FIG. 12 is an encryption table generated from a modal matrix of a system matrix obtained by discretizing a second-order partial differential equation using a three-point finite difference formula.

FIG. 13 is an example in which the text of FIG. 10 is encrypted using the encryption table of FIG.

FIG. 14 is sample text information written in Japanese two-byte characters.

FIG. 15 is an example in which the sample text information of FIG. 14 is encrypted using the encryption table of FIG.

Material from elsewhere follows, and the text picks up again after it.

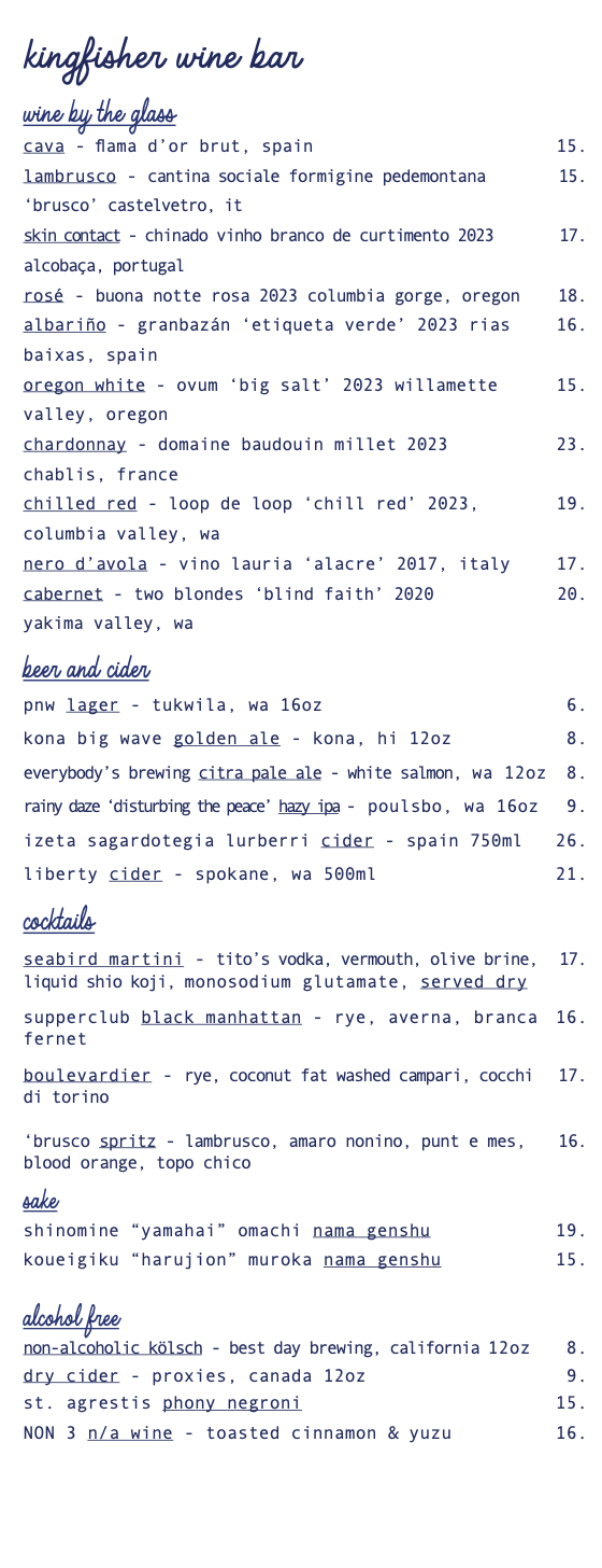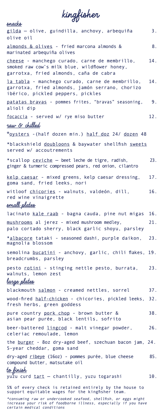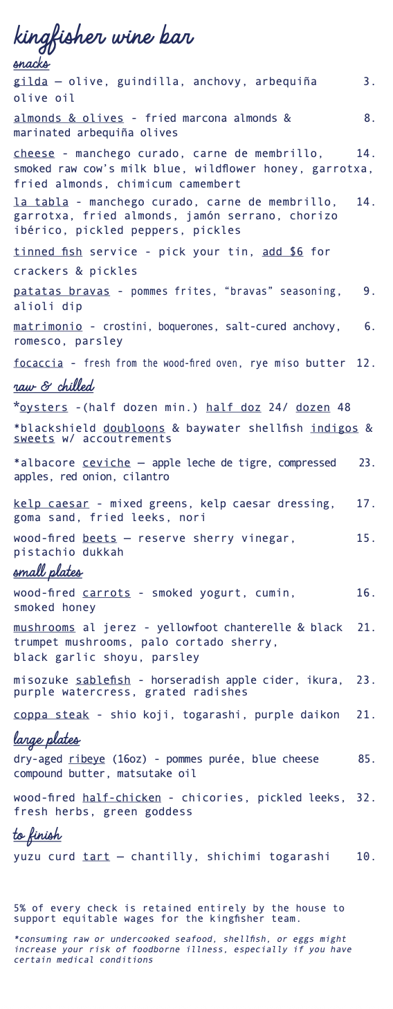 We’re cooking from our wood-fired oven and raw bar, spinning records, pouring glasses, and generally having a great time. No reservations; come as you are and let us whisk you away

FIG. 16 is an example in which the encrypted information in FIG. 15 is decrypted.

Claims (10)

[Claims] 1. A keyword is created by combining information unique to a user and one or more selected from identification information arbitrarily set by a user, and a keyword having at least one inverse matrix using the keyword is created. A data encryption method for encrypting digital data by setting a cryptographic conversion matrix, which is a well-posed matrix, and integrating the digital data and the cryptographic conversion matrix. 2. The information unique to the user includes a user's address, name, date of birth, telephone number, ID number, password,
2. The encryption method according to claim 1, wherein at least one of the e-mail addresses is included. 3. The keyword according to claim 1, wherein an arbitrary combination determined by the user can be selected, and the keyword can be automatically updated at an arbitrary date and time determined by the user. Or the method of any one of 2. 4. The method according to claim 1, wherein an encryption matrix is automatically generated by using a keyword without being aware of the user, and information owned by the user is automatically encrypted.
4. The method according to any one of items 1 to 3. 5. The cryptographic conversion matrix is automatically generated by combining a single or a plurality of modal matrices generated from eigenvectors of a single or a plurality of appropriate matrices. The method according to any one of claims 1 to 4, wherein the data is encrypted. 6. The encryption transformation matrix automatically generates an encryption matrix using a single keyword or a plurality of wavelet transformation matrices having different basis functions, and automatically generates information owned by a user. 5. The method according to claim 1, wherein the data is encrypted. 7. The cryptographic transformation matrix includes a single or a plurality of modal matrices generated from eigenvectors of a single or a plurality of appropriate matrices, and a single or a basis function created using a keyword. The method according to any one of claims 1 to 4, wherein the method is created by combining a plurality of different wavelet transform matrices. 8. A cryptographic conversion matrix is set for each layer, and data is superimposedly converted using the cryptographic conversion matrix of the layer and the conversion matrices of all layers below the layer. A layered encryption method in which the user belonging to the system can read the encrypted data of the layer and the lower layer, but cannot read the encrypted data of the upper layer. 9. A keyword is created by combining information unique to a user and one or more selected from identification information arbitrarily set by the user, and an appropriate matrix having at least one inverse matrix using the keyword is created. Decryption of the encrypted digital data by calculating the inverse matrix of the cryptographic transformation matrix, which is a well-posed matrix, and multiplying the encrypted digital data by the inverse matrix of the cryptographic transformation matrix. Method. 10. A keyword creation unit combining information unique to a user and at least one selected from identification information arbitrarily set by the user, and at least one inverse matrix using the keyword. Appropriate matrix (well pos
data encryption means for setting a cryptographic conversion matrix, which is an ed matrix), for encrypting the digital data by integrating the digital data and the cryptographic conversion matrix, and an inverse of the appropriate matrix. A data encryption / decryption system comprising: an inverse matrix calculation unit that calculates a matrix; and data decryption means that decrypts the encrypted digital data by integrating the encrypted digital data and the inverse matrix.